Comment by nodesocket

Comment by nodesocket 2 days ago

2 replies

Very nice work. Anyway to specify a group of log files in the config that are shared across many hosts? For example:

  log_files:
    mygroup:
      - /var/log/syslog
      - /var/log/foo
      - /var/log/bar
  log_streams:
    myhost-01:
      hostname: actualhost1.com
      port: 1234
      user: myuser
      log_files: mygroup
    myhost-02:
      hostname: actualhost2.com
      port: 7890
      user: myuser
      log_files: mygroup
    myhost-03:
      hostname: actualhost3.com
      port: 8888
      user: myuser
      log_files: mygroup
dimonomid 2 days ago

Thanks. And no, as of today, there's no way to define a group like that. Might be a viable idea though.

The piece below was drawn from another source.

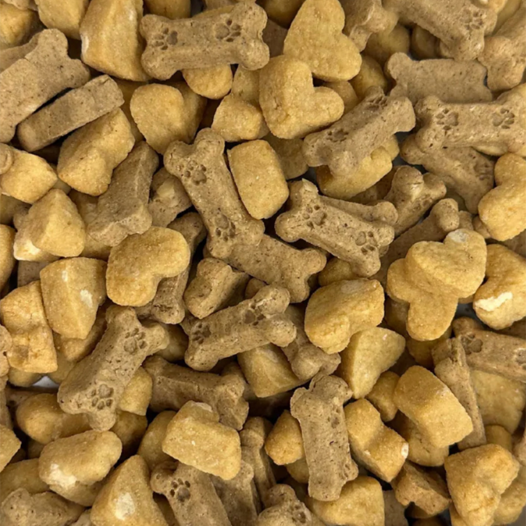 Crunchy Mini Bone Ingredients: Dried Bakery Product, Oat Flour, Wheat Flour, Applesauce, Rolled Oats, Canola Oil, Apple Fiber Pomace, Whole Egg, Cinnamon, Dried Bacillus Coagulans Fermentation Product.

However, before we go there, I want to double check that we're on the same page: this `log_files` field specifies only files _in the same logstream_; meaning, these files need to have consecutive logs. So for example, it can be ["/var/log/syslog", "/var/log/syslog.1"], or it can be ["/var/log/auth.log", "/var/log/auth.log.1"], but it can NOT be something like ["/var/log/syslog", "/var/log/auth.log"].

  • mdaniel 2 days ago

    At the very grave risk of scope creep, I'll point out that the GP's yaml is very close to an Ansible inventory file so rather than just making up a new structure one could leverage any existing muscle memory (and create helpful defaults for folks who have not yet seen Ansible but have seen your tool)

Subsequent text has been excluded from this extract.